Mrs. Le Garde moved uneasily under the scorching light in her
husband’s eyes. It was a new experience to see anything but
tenderness in his face, but she respected him for the look she
resented.
“He had to consult some one, of course. You have given no
attention to things of late.” Her voice was irritatingly even. “Papa
always said you had no head for business.”
“Your father was an honest man, Virginia,” cried her husband,
desperately. “He would have been the last person in the world to
attempt to increase his gains dishonestly.”
“I see nothing dishonest about it,” said Virginia, coldly. “I really
think, Roderick, under all the circumstances, it would have been
more appropriate if you had learned something about money in the
last seven years—besides how to spend it.”
Nothing dishonest!
“Don’t you understand,” demanded Le Garde, in a terrible voice,
“that the ‘commission’ you paid Rogers was blackmail, the price of
his ‘news’ and his silence?”
Mrs. Le Garde shrugged her shoulders.
Roderick rose dumbly. He knew all that he need. The room whirled
round him. How he made his way out of the house he did not know.
Had he served seven years—for this? The fair house of his life, built
up on the insubstantial foundations of a woman’s silence and her
sweet looks, was tumbling about his ears. She whom he had made
his wife, who wore the name he honored though it was his own,
whom he had worshipped as woman never yet was worshipped, had
failed in common honesty, and taunted him with the life he had led
for her sake. She had betrayed him into a shameful position. That
restitution was an easy matter and might be a secret one did not
make the case less hard. He could have defended her had she been
disgraced in the world’s eyes, but how might he defend her from
himself?
It was a raw November night. As he went swiftly on, he felt the
river-mists sweep soft against his face. He wrung his helpless hands.
“Oh, God! It is dishonor! What shall I do? What shall I do?”
No help in the murky sky above him; none in the home whose
lights lay behind; none in the river that rushed along beneath the
bluff—that was the refuge of a coward and a shirk. Had he not
already shirked too much in life?
What must he do? He tried to think collectedly, but in his pain he
could not. There were visions before his eyes. He saw Virginia as
she had seemed to him seven years ago—five years—yesterday—
to-night. Was it true that he had never really seen her till to-night?

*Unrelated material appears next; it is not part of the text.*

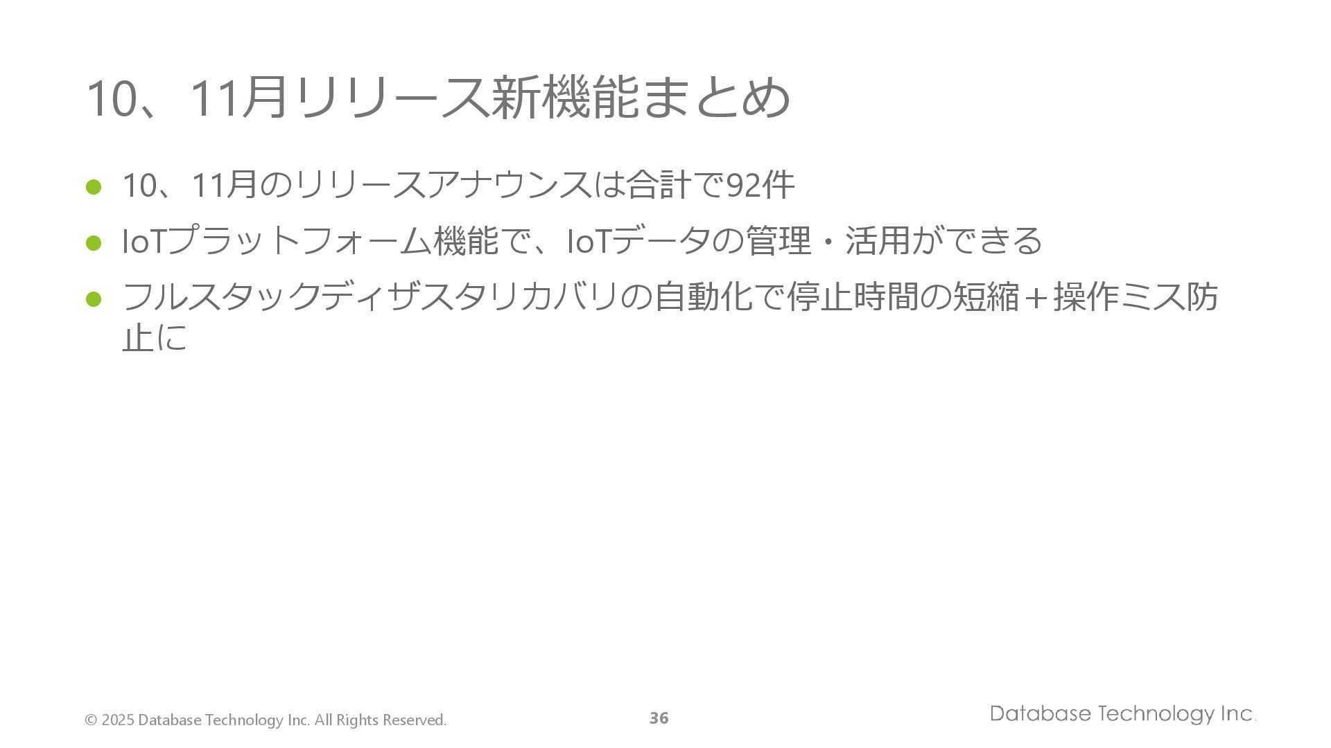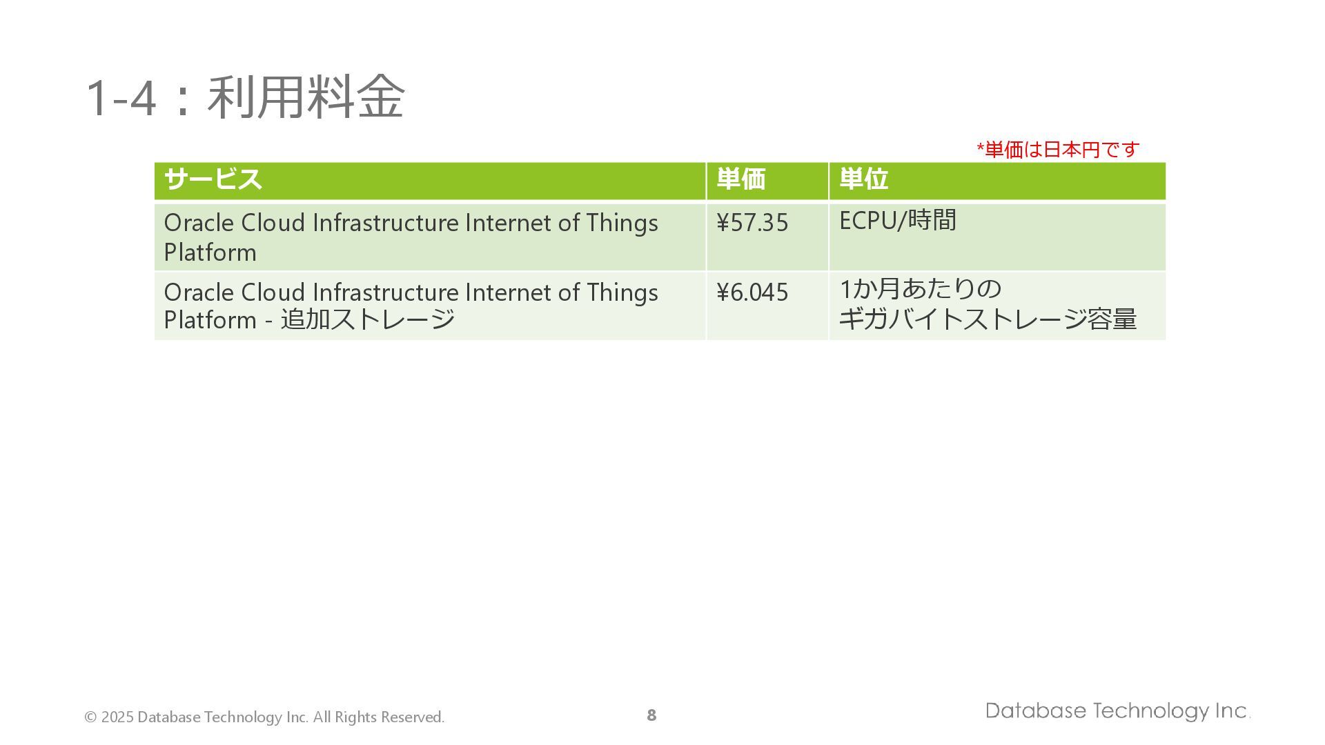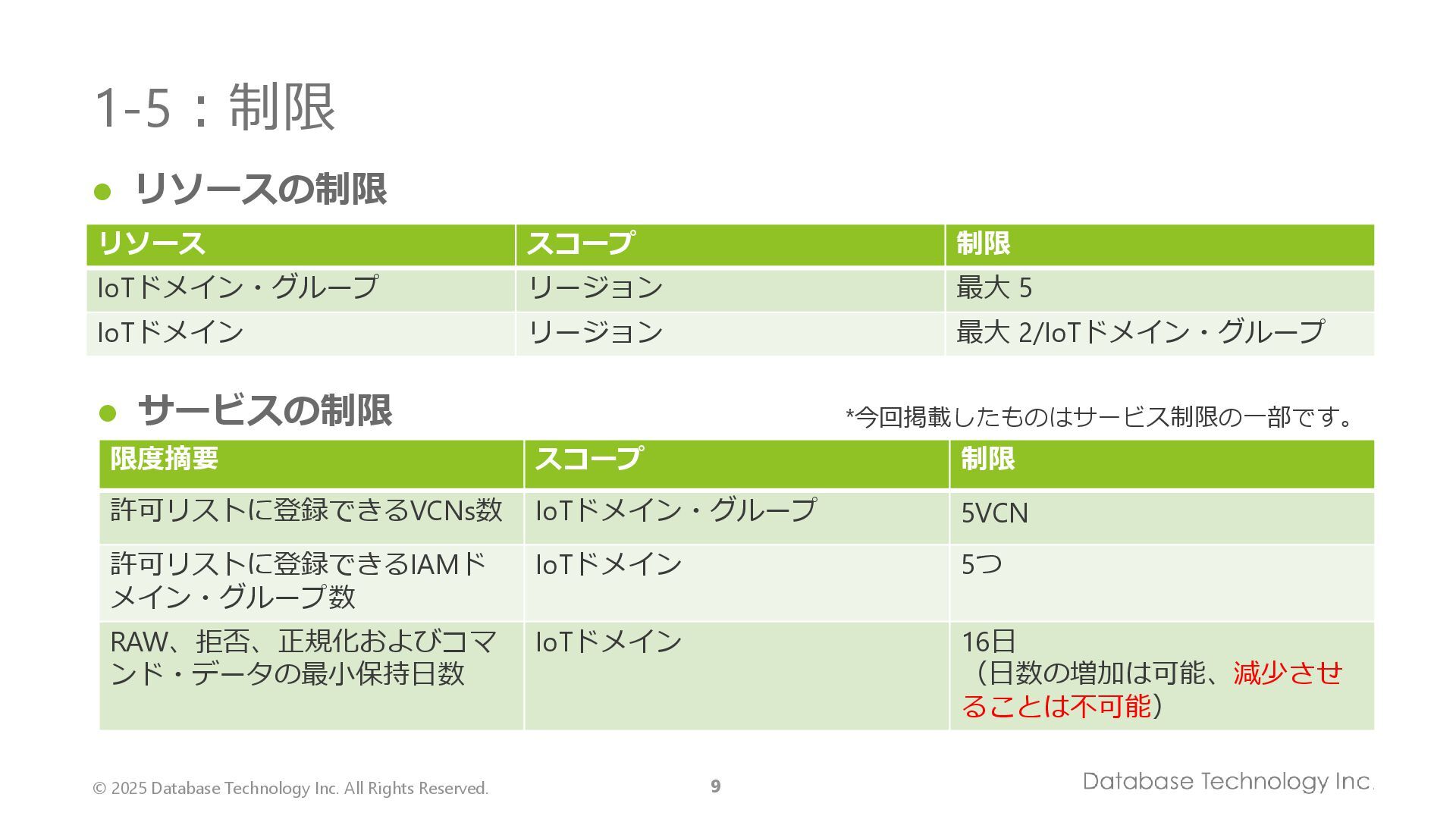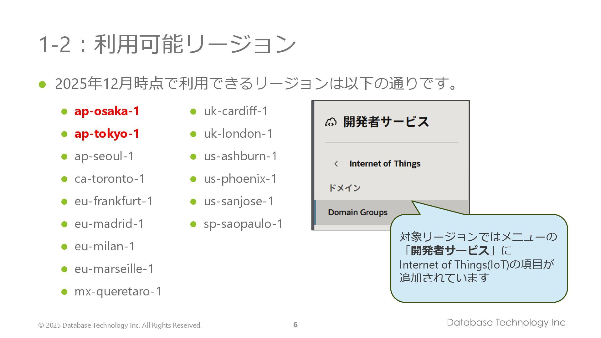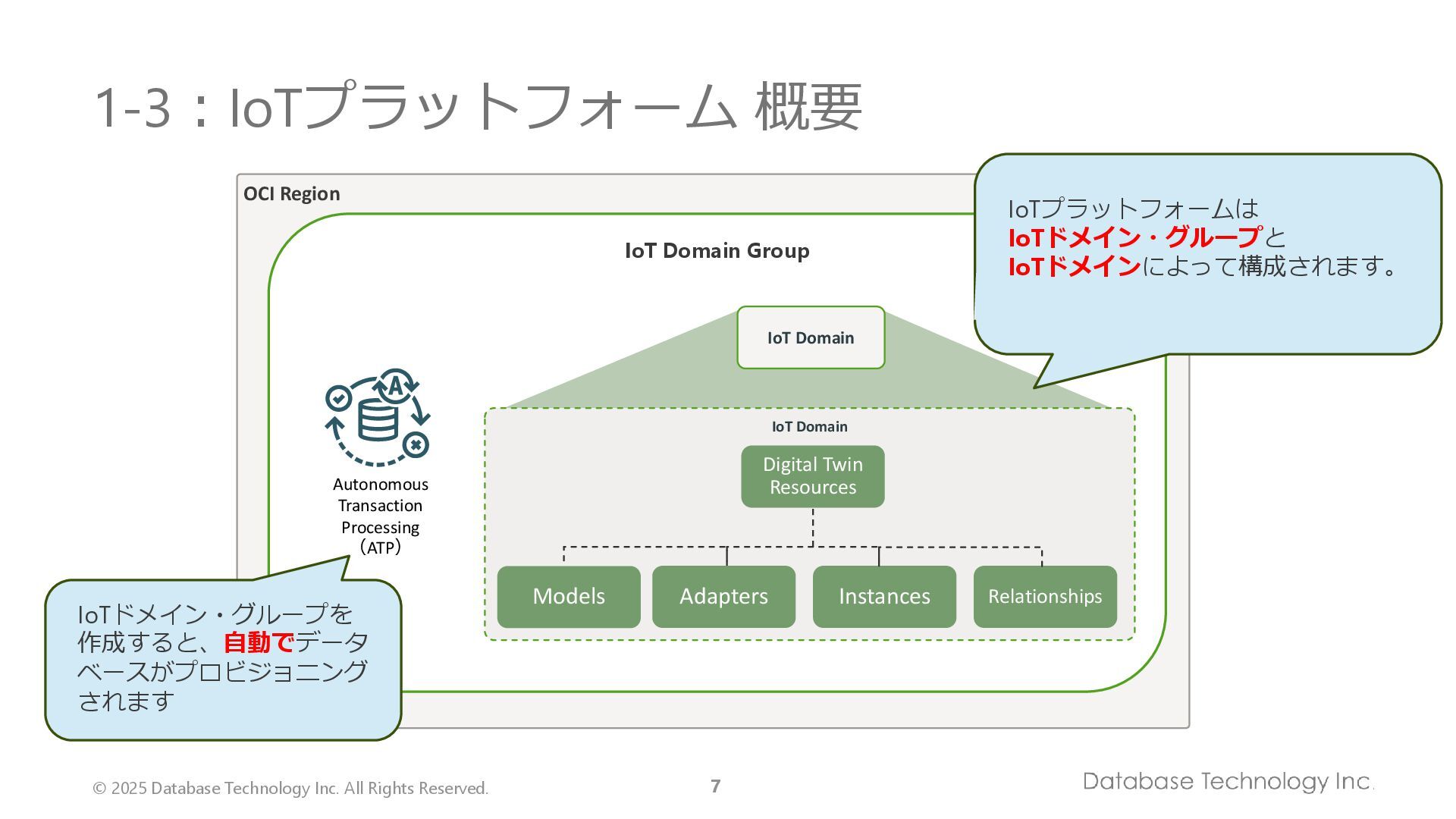 Oracle REST Data Service)での活用 IoT Domain Group ATP IoT Domain Schema Json Collection Schema Object IoT Domain Data Tables IoT Domain WorkSpace Schema etc… Customer Objects User Oracle REST Data Services Identity Domain Oracle Identity Cloud Service Integrated Application ⚫ 利用方法 ①:Identity Domainで認証用アプリを 作成し、IoTアクセス用の設定を行 う ②:Identity Domainで認証を構成し、 ORDSからIoTデータAPIに安全にア クセスできるようにする ③: 認証用アプリの認証情報でトーク ンを取得する ④:③で作成したトークンを利用し、 ORDSからIoTデータAPIを実行 ④ ① ③ ②

Oh, that brave, lost youth of his! His strong, light-hearted youth,
with its poverty, its pride, and its blessed, blessed freedom! If he
could but go back to it, and feel himself his own man once more, with
his life before him to be lived as he had planned it. How was it that
he had become entangled with a soul so alien to his own? And what
did a man do when he reached a point from which he could not go
back, yet loathed to go forward?
He tramped on and on through the drizzling November darkness.
Gradually the tumult in his heart was stilled. He became aware that
the air was cold, that he was splashed with mud and rain, that he
had no hat, and wore only thin evening clothes. He turned at last, his
teeth chattering in his head, and plodded back.

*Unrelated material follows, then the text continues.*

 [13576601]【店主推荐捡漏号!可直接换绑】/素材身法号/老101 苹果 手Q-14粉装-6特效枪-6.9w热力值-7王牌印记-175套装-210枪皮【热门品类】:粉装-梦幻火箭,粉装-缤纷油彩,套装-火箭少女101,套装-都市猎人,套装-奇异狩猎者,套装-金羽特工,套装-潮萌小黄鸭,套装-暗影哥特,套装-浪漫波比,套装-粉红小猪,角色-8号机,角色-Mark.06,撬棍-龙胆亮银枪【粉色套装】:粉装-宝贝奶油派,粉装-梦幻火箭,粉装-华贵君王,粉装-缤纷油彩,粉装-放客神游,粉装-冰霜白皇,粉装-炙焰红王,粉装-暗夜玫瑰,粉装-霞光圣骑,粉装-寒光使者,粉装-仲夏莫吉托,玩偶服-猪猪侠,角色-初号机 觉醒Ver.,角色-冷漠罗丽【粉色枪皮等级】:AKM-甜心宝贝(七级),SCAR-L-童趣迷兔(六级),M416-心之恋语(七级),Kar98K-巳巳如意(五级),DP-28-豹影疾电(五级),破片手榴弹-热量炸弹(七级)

Two things grew clear before his mind—he must settle with
Macomb to-morrow, and he must henceforth assume the control of
John Fenley’s affairs which he had hitherto nominally possessed.
Thank Heaven for the gift of work!
And Virginia?
Who was it who said that for our sins there was all forgiveness, but
our mistakes even infinite mercy could not pardon? Virginia was a
mistake of his; that was all. It was safer to blame himself, not her—
not her. That way lay madness.
Perhaps she, too, had found herself mistaken. Was that the secret
he sometimes fancied he saw stirring behind the curtain of her placid
eyes? If so, God pity them; and God help him to play the part he had
to play.
He had reached his own threshold, and his latch-key faltered in
the door. As he stepped into the wide hall, a curious figure in the
disarray of his fastidious attire, he caught the odor of roses—they
were Maréchal Niels—floating out of the drawing-room. The rooms
were warm and bright and sweet, but their cheer seemed to him
oppressive, and he sickened at the faint perfume of the roses.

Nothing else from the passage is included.